Friday, October 18, 2013

Cape No. 7 (Wei Te-Sheng, 2008) & Orphan of Asia

Cape No. 7 海角七號  (Wei Te-Sheng, 2008), one of the highest grossing films of all-time in Taiwan, contains a narrative thread which has remained prevalent with me, namely the film's representation of nostalgia for Japanese occupation -- and more specifically, the film's representation of a romantic relationship between a couple from both Taiwan and Japan that was cut short due to the socio-political situation in the region in 1945 (trailer below).


The film's nostalgia has been written about in both film reviews and academic essays (see "Memories of the future: Remaking Taiwanese-ness in Cape No. 7" by Chialan Sharon Wang). And it remains the case that those scenes continue to evoke further inquiry.

This is certainly the case for me after again reading and teaching Wu Zhuoliu's 吳濁流 1946 novel Orphan of Asia 亞細亞的孤兒 (Leo Ching's great review of the text here -- and I'd say that the English translation by Ioannis Mentzas reads wonderfully) in a postcolonial literature course.

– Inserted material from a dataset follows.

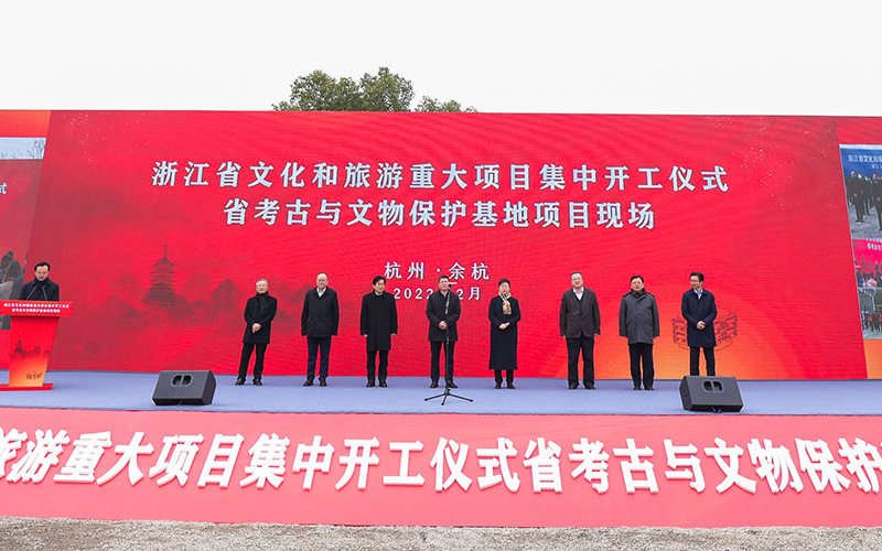 2月16日上午,2022年浙江省文化和旅游重大項目集中開工儀式在杭州市余杭區浙江省考古與文物保護基地項目現場舉行。10個設區市分會場以視頻連線方式同步開工。

It's quite astounding how placing these two texts side by side can lead to new ideas and access points into discussions of memory, colonialism, and nationalism. For example -- evoking comparisons with Cape No. 7 -- the protagonist of the novel, Hu Taiming, who is from Taiwan, finds himself during Japanese occupation very much enraptured by a Japanese schoolteacher named Hisako, yet their relationship never comes to fruition because as Hisako states, "you and I are different" (50).

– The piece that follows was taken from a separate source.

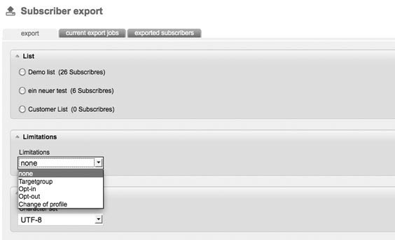 Subscribers lists can be exported from M-Tool as CSV – files. An advantage, for example, is that you can back up the address lists in this way. In the tab 'Export’, you can make choices of the lists that have to be exported. Per export only one subscriber list can be chosen. If you only want to export certain data records, you can decide on 'Limitations’. |

Furthermore, toward the end of Wu's novel, we witness a state during the turmoil of the Second Sino-Japanese War, a populace under increased Japanization, and an economy strained to the point that malnourishment is prevalent. In such an environment, Hu Taiming finds himself depressed, anxious, paranoid, and both psychologically and physically ill. Within a comparative analysis, one notices that the moment in which Hu Taiming might be most grateful for the departure of the Japanese is the moment in which, in Cape No. 7, the departure of the Japanese is arguably conveyed with a sense of sorrow and loss.

Most importantly, any comparison between the texts becomes exceedingly complex -- after all, Hu Taiming in the novel forges a solid friendship with a Japanese colleague named Sato, and is sad to see his friend return to Japan -- so one returns to the historical-material context depicted, the time periods in which the two texts were produced, their linguistic characteristics, the nature of both individual and collective memory, and the formal qualities inherent to both literature and film -- and all of this seems necessary to re-ground oneself in order to initiate a new comparative question that again leads to an almost infinite set of variables worth consideration.